About

I work at the intersection of high-dimensional statistics and reproducible data engineering. Most of my projects turn messy economic or genomic data into clean, documented R/Python pipelines that produce interpretable models and audit-ready reports.

What I focus on

Structured sparsity, robustness, and fairness for models that have to stand up to shift, noise, and review.
End-to-end pipelines: Snakemake, Docker, Conda, Git/GitHub Actions; data cards with provenance & checksums.
Readable science: Quarto/LaTeX reports, clear assumptions, and diagnostics you can actually act on.

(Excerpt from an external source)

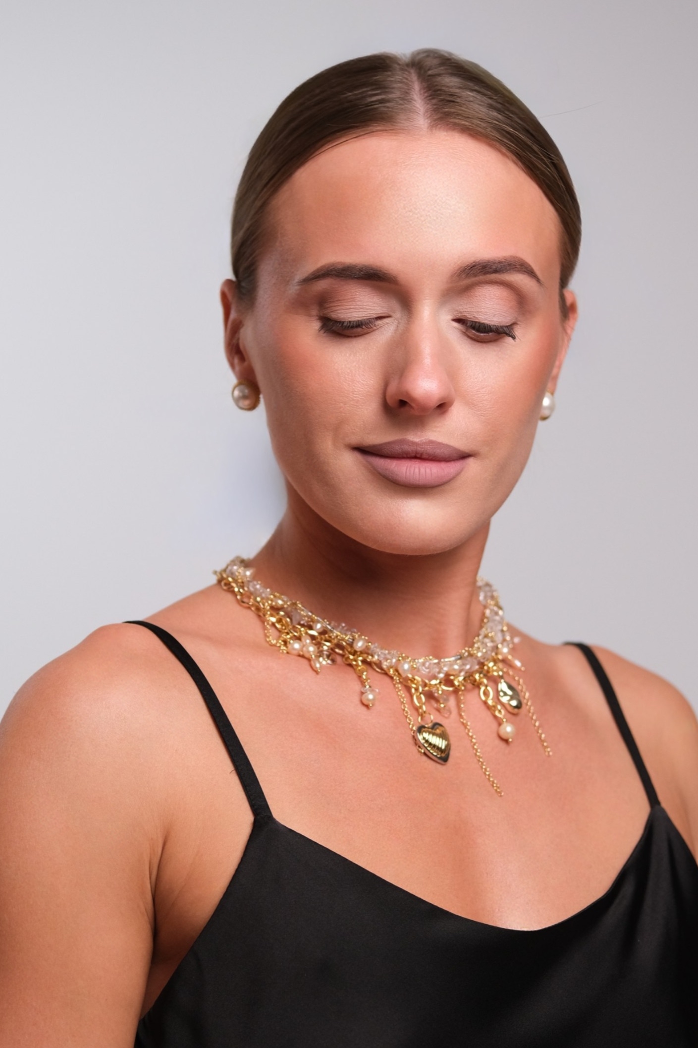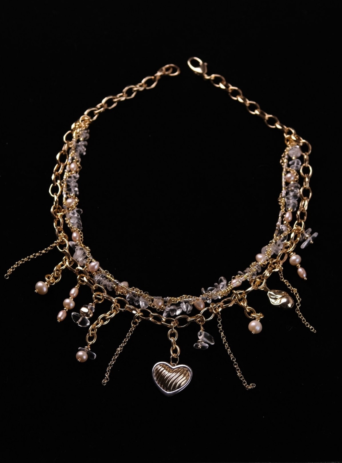 Колье "Сердечко" комбинированное, состоящее из культивированного жемчуга, кристаллов кварца и очаровательных золотых и серебрянных деталей, дополнит ваш вечерний или повседневный гардероб и добавит трогательный акцент вашему образу.
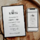 Modern svartvitt visitkort för bröllopsinbjudan med fotobakgrund kombinerar klassiskt elegans med stil, med en tidlös monokrom framdesign och ett fullt-storlekt anpassningsbar-foto på motsatt sida. Framsidan visar minimalistisk typografi med en förfinad blandning av serif och script typsnitt, medan baksidan omvandlar inbjudan till en keepsaké med utrymme för en favoritförlovning eller ett par porträtt. Den här fotobröllopsinbjudningen passar perfekt för svarttids bröllop, stadstävlingar eller contemporary firande, och blandar tradition och personlighet i en sofistikerad layout. skapar perfekten för par att både söka formalitet och personlig beröring. Finns som tryckta kort eller en snabb digital nedladdning.

A few representative projects

Gene Expression from Chromatin (GM12878) — two-step ON/OFF → regression pipeline from ENCODE signals.
USG Analytics (Gold ETF) — time-series → supervised ML with tidy configs and simple ensembling.
See details on the Projects page.

Notes & exercises

I keep compact derivations and small simulations (e.g., Rigollet’s High-Dimensional Statistics). Browse Notes & Exercises.

How I like to work

Start with a clear question and a minimal, testable model.
Make every step reproducible (env file, one-command run, seeded CV).
Prefer interpretable structure; use heavier models when they truly add signal.

Collaborate

I’m open to collaboration on statistical modeling with interesting datasets—especially clinical/omics problems where fairness and robustness matter.
Email: cx252@cornell.edu · CV: View CV · GitHub: ChuTingX · LinkedIn: chuting-xu

When I’m not debugging pipelines, I enjoy Go (the board game) and detective novels.